Description of the task: Word for word, give the data again without its pictures.

Data section:
━━━━━━━━

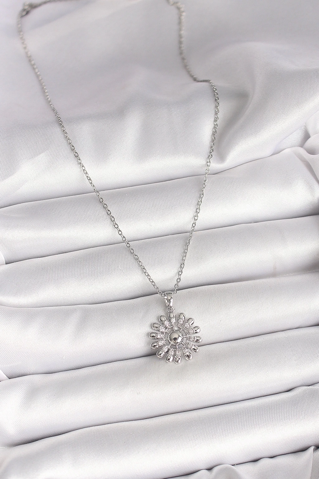 BFS 316L Çelik Gümüş Renk Zincir Zirkon Taşlı Güneş Model Kadın Kolye
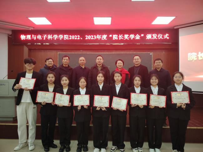 仪式在庄严的国歌中拉开序幕。副经理魏勇宣读《英国上市公司365经理奖学金评选细则》,公司党委副书记李科敏宣读《英国上市公司365关于表彰2022、2023年度经理奖学金获得者的决定》,授予物理学专业2020-2BS班李沁同学“2022年度个人经理奖学金”,授予物理学专业2020-1BS班杨诗怡、光电信息科学与工程专业2021-1BF班孔鑫两位同学“2023年度经理奖学金(个人)”,授予物理学专业2023-2BS班廖艳虹、张雅卉、王秋怡、方芳、李敏佳、侯心怡等六位同学“2023年度经理奖学金(团体)”荣誉称号,并分别授予奖金(个人)3000元和(团队)4000元,表彰他们在专业学习、勇于创新、敢于实践、关心集体、奉献社会等方面做出的突出贡献。
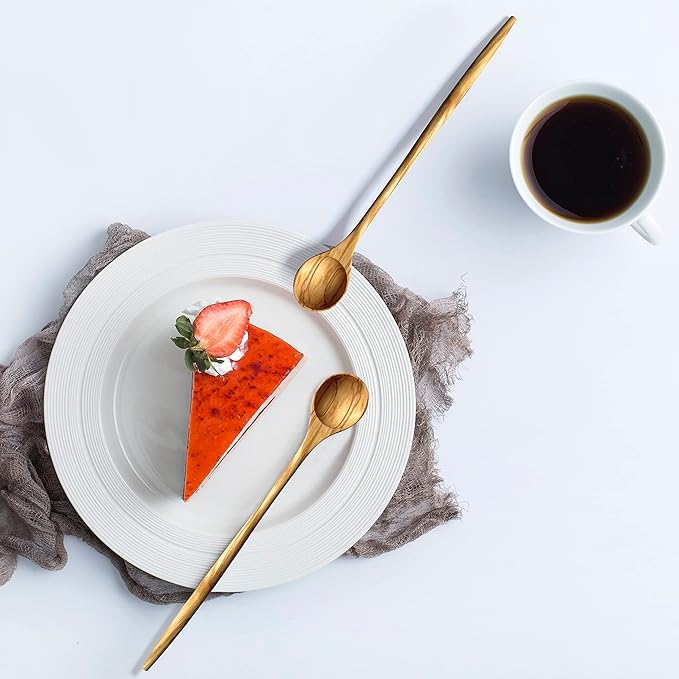 • 【ECO-FRIENDLY OLIVE WOOD】Our olive wood lumber is sourced from Southern Italy, processed in China and exported all over the world. The spoon is made of one-piece hardwood, a highly heat-resistant, sturdy, food-safe material. No stitching! No deformation! odorless! BPA Free and Non-Toxic! For mixing coffee, tea, beverages, honey, cocktails; also for chefs to taste.

━━━━━━━━

Exercise output:
 BFS 316L Çelik Gümüş Renk Zincir Zirkon Taşlı Güneş Model Kadın Kolye
 仪式在庄严的国歌中拉开序幕。副经理魏勇宣读《英国上市公司365经理奖学金评选细则》,公司党委副书记李科敏宣读《英国上市公司365关于表彰2022、2023年度经理奖学金获得者的决定》,授予物理学专业2020-2BS班李沁同学“2022年度个人经理奖学金”,授予物理学专业2020-1BS班杨诗怡、光电信息科学与工程专业2021-1BF班孔鑫两位同学“2023年度经理奖学金(个人)”,授予物理学专业2023-2BS班廖艳虹、张雅卉、王秋怡、方芳、李敏佳、侯心怡等六位同学“2023年度经理奖学金(团体)”荣誉称号,并分别授予奖金(个人)3000元和(团队)4000元,表彰他们在专业学习、勇于创新、敢于实践、关心集体、奉献社会等方面做出的突出贡献。
 • 【ECO-FRIENDLY OLIVE WOOD】Our olive wood lumber is sourced from Southern Italy, processed in China and exported all over the world. The spoon is made of one-piece hardwood, a highly heat-resistant, sturdy, food-safe material. No stitching! No deformation! odorless! BPA Free and Non-Toxic! For mixing coffee, tea, beverages, honey, cocktails; also for chefs to taste.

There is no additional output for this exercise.